The shock of the loss was enormous, especially for the problems already faced with his father on such a belief. James was isolated from their family and friends for a long time and the relationship with the father never returned to normal. Good
perceivers are references to the event in several letters of Metallica
in the following decades, especially "The God that Failed" and "Until
It Sleeps", explicit lyrics about it. The tragic event also created a nickname for James at school for his attitude alone: the child more angry the world.

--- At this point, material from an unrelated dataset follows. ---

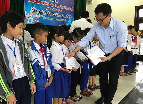Được biết dự án trao học bổng cho HS nghèo ở địa bàn tỉnh Quảng Trị được Zhishan thực hiện từ năm 1998, với mục đích hỗ trợ các em tiếp tục đi học và hoàn thành các cấp học. Dự án bảo trợ cho các em HS từ bậc tiểu học đến khi tốt nghiệp ĐH, CĐ. Nội dung hỗ trợ bao gồm học bổng 12 tháng, phần thưởng cho HS khá, giỏi, cấp dụng cụ học tập, đồng phục, bàn ghế, đồ dùng cá nhân như chăn, màn, áo ấm mùa đông… Bình quân hỗ trợ 2,1 triệu đồng/ em/ năm học.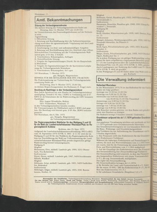 Die nächste Sitzung des Verbandsgemeinderates findet am Dienstag, dem 14. Oktober 1975 um 15.00 Uhr im Unterrichtsraum des Feuerwehrgerätehauses auf der Eichwie- se statt.

As soon as he could, James left home and went on to dedicate the song still in the 70s. The first concert he attended was the famous Long Beach Arena in 1978 to see Aerosmith and AC / DC with his brother. At
the same time, James has assembled a first band called Leather Charm
with some school friends, then changed their name to Obsession and
played in the colleges of the city, without major repercussions.
The
Obsession, James wrote his first letter but the small audience who
attended the presentations always preferred the covers, which rather
annoyed the young Hetfield, out to top flight. The
others (in the Veloz brothers on bass and drums and Jim Arnold on
guitar) preferred to remain as a cover band, after all was what pleased
the fans. A
curiosity of Obsession was their roadie main: nothing more and nothing
less than Ron McGovney, the future first bassist of Metallica.
Moved
from district and school, James formed his third band with new
colleagues, the Phantom Lord, Hugh Tanner (chosen for being the only
kid in the neighborhood to have a Flying V guitar), Jim Mulligan on
drums and, later, Ron on bass. Many of the riffs from Metallica's early songs were born in this phase of the Phantom Lord. The band has even been the first where James sang and played guitar at the same time.
Over
the months, the Phantom Lord changed his name and came to be called
Leather Charm with James leaving the guitar aside to focus solely on
vocals. Among the songs played by the band, the favorite was the cover of "Remember Tomorrow" from the first Iron Maiden album.
The
Leather Charm has recorded a demo before the end of the beginning of
1980, but this recording of those items is almost impossible to find
and worth a few thousand dollars.
In
1980, finally the ways of James and Lars when they crossed the future
drummer, before his trip to the tour of Diamond Head, placed an
advertisement in a newspaper called the Recycler, looking for
headbangers to form a serious band, which value the Heavy Metal and a career in the genre. Without hesitation, James Hetfield and his friend Hugh Tanner responded to the ad and marked a first jam at the home of Lars. James
was so excited about the possibility of a career that ponder the
possibility of incorporating the work of Leather Charm with Lars on
drums depending on the outcome of a match.
Unfortunately, this first contact was a real fiasco as Lars, the drummer, was still a nice player. Totally disillusioned, James Ulrich advised the speaker to leave the sticks for their own good, turned and walked away. The two would meet again almost a year later.